Another question - how much should the language we use to talk about the church be consistent with the language used in the Bible?

1/23/2012 11:15 AM  
Blogger Dan Masshardt said...

Brent, Your question is good.

It would seem to me that we should prefer biblical terms.

It seems to me that concepts of community are there in the Bible, but using the word and mean different things to different people...

When we speak of community, I often think that we want to be a part of a neighborhood again like in the 50's. But people don't often really want what the Bible talks about. We say 'brother' and 'sister' in the church, but we don't really mean it.

All that to say, I'm in favor of using biblical term over others.

I think that adoption ties into family and provides a richer understanding of the depth of our bonds to one another much better than community.

Adoption also helps us to think about having family that is not connected by biological dna, but connected by something deeper.

1/23/2012 11:33 AM  
Blogger bill Sloat said...

Brent and Dan,

I think that emphasis on community is a corruption of biblical themes.

While the adoption metaphor is relatively rare in Scripture, the theme of family is everywhere, especially in the New Testament. It may be the most dominant of all New Testament themes and I suspect that it is the most common metaphor.

How does the so-called "Lord's Prayer" begin? "Our Father."

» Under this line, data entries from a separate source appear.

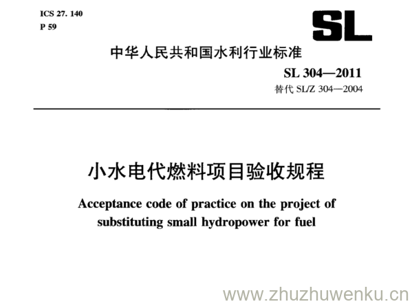SL 304-2011 pdf下载 小水电代燃料项目验收规程。Acceptance code of practice on the project of substituting small hydropower for fuel.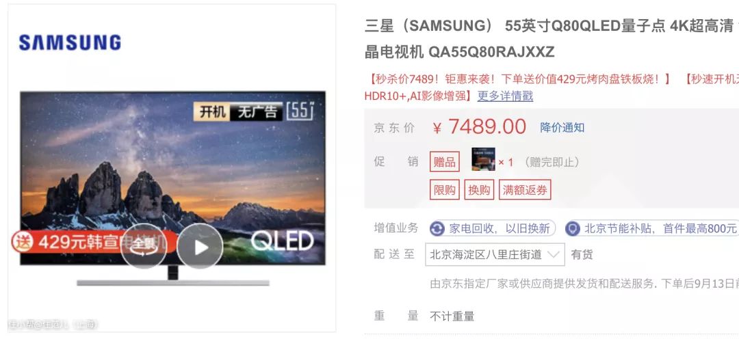 三星的几款QLED(没错,本质也是液晶,可以看作是品牌打差异化的点)刷新率和运动补偿做得好,很适合玩游戏、看比赛啥的。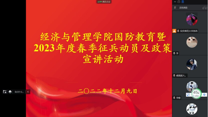 会后,学院组织180余名毕业班男生参加国防教育暨2023年度春季征兵动员及政策线上宣讲活动,学院征兵专管教师就《无码流出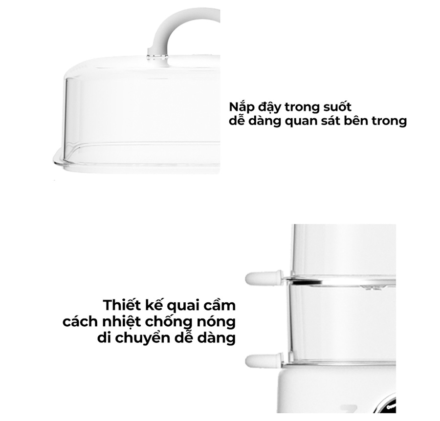 Chức năng hẹn giờ thông minh: Cho phép bạn đặt thời gian hấp chính xác, giúp đảm bảo thực phẩm được nấu chín đều và giữ nguyên hương vị tự nhiên.

Didn't Jesus challenge Mary and His earthly family by asking, "Who is my mother? Who are my brothers...whoever does the will of my Father in heaven is my brother and sister and mother."

Paul makes it clear that Jesus is the first born of many brothers.

The danger in diluting this family talk so we can talk of and search for community, I believe, is that it allows for less intimacy--it provides a degree of separation from the love--the agape--that Jesus says is the greatest command in the law and which is the essence of His New Command.

I've said before that the way of the shepherd culture is the way of moderation. But, when we repent of the community metaphor and cling to the Word's metaphor of family, there is no place for moderation, only intimate love.